Experimental Investigation of the Influence of Electric Charge on the Behavior of Water Droplets in Electric Fields

High voltage insulators in electric power transmission and distribution must withstand extreme weather conditions like rain or snow without long-term degradation. An increasing amount of outdoor composite insulators uses silicone rubber due to the various advantages over glass and ceramic. One difficulty is the presence of water droplets residing on the hydrophobic silicone rubber surface of insulators, which locally alter the electric field. Specifically, the electric field is strongly enhanced at the three phase contact line, which can lead to electrical partial discharges and affect the aging of the insulator’s surface. The present contribution investigates the behavior of sessile water droplets exposed to strong electric fields with a high-speed camera. Electrically charged and uncharged droplets are generated under well-defined conditions and placed on a generic insulator model.
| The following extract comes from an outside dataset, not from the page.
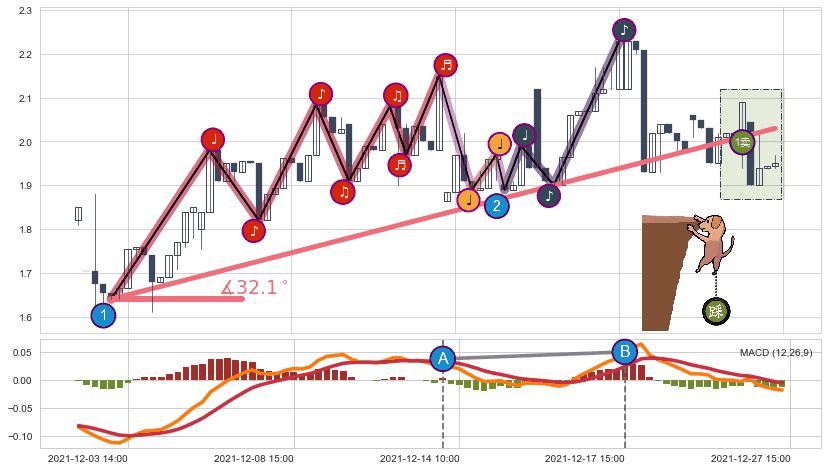 从2021-12-03 12:00至2021-12-13 16:00,共包含41个小时,阶段股价上涨29.21%,阶段股价变动位移路程比: 1 : 3,上涨趋势角度: 48.7

The oscillation frequency of the droplet in resonance mode is investigated in detail with respect to the amount of charge, droplet volume, frequency of the electric field as well as the electric field strength. Significant changes in drop behavior are observed depending on the charge and the electric field strength. A regime map based on the experimental data as well as a mathematical model is developed to quantity the necessary conditions for the change of behavior. The performed experiments improve the understanding of droplets in electric fields as well as the ageing process of high voltage insulators.